**Given data**
________

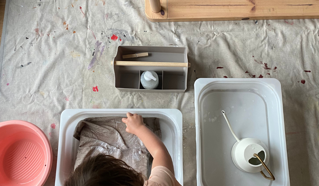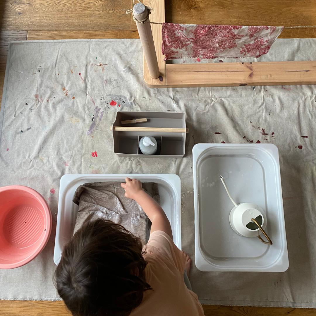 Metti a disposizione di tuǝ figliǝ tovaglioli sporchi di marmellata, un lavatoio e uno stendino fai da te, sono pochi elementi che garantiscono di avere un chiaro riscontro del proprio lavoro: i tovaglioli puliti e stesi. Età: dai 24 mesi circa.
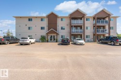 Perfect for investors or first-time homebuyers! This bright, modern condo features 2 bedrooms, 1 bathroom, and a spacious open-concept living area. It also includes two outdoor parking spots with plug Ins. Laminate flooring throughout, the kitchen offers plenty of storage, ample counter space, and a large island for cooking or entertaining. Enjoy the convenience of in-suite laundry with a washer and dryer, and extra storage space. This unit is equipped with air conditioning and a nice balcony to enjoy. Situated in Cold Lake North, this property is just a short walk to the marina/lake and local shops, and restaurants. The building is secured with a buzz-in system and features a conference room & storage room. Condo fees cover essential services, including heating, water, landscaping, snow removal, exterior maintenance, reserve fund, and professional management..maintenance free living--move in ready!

________

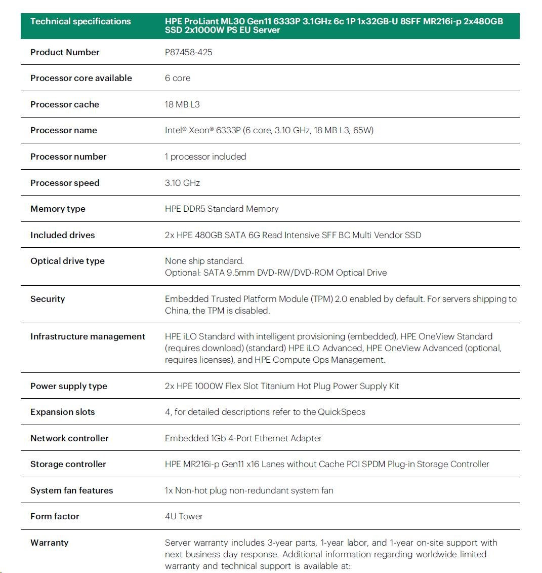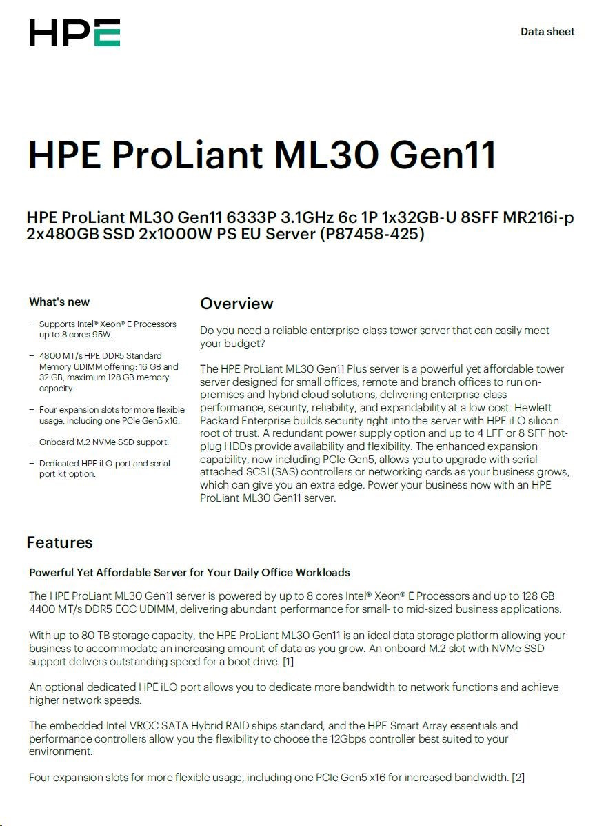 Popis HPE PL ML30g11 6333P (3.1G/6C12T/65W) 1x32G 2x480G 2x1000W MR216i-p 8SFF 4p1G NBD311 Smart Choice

________

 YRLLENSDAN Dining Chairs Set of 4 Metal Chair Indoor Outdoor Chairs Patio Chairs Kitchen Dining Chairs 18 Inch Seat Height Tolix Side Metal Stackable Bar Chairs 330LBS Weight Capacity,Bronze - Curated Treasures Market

________

**What is needed**
In the material above, the stretch from the line with "Metti a disposizione" through the line with "Perfect for investors" is to be given again exactly, minus the pictures.

**Output for this task**
 Metti a disposizione di tuǝ figliǝ tovaglioli sporchi di marmellata, un lavatoio e uno stendino fai da te, sono pochi elementi che garantiscono di avere un chiaro riscontro del proprio lavoro: i tovaglioli puliti e stesi. Età: dai 24 mesi circa.
 Perfect for investors or first-time homebuyers! This bright, modern condo features 2 bedrooms, 1 bathroom, and a spacious open-concept living area. It also includes two outdoor parking spots with plug Ins. Laminate flooring throughout, the kitchen offers plenty of storage, ample counter space, and a large island for cooking or entertaining. Enjoy the convenience of in-suite laundry with a washer and dryer, and extra storage space. This unit is equipped with air conditioning and a nice balcony to enjoy. Situated in Cold Lake North, this property is just a short walk to the marina/lake and local shops, and restaurants. The building is secured with a buzz-in system and features a conference room & storage room. Condo fees cover essential services, including heating, water, landscaping, snow removal, exterior maintenance, reserve fund, and professional management..maintenance free living--move in ready!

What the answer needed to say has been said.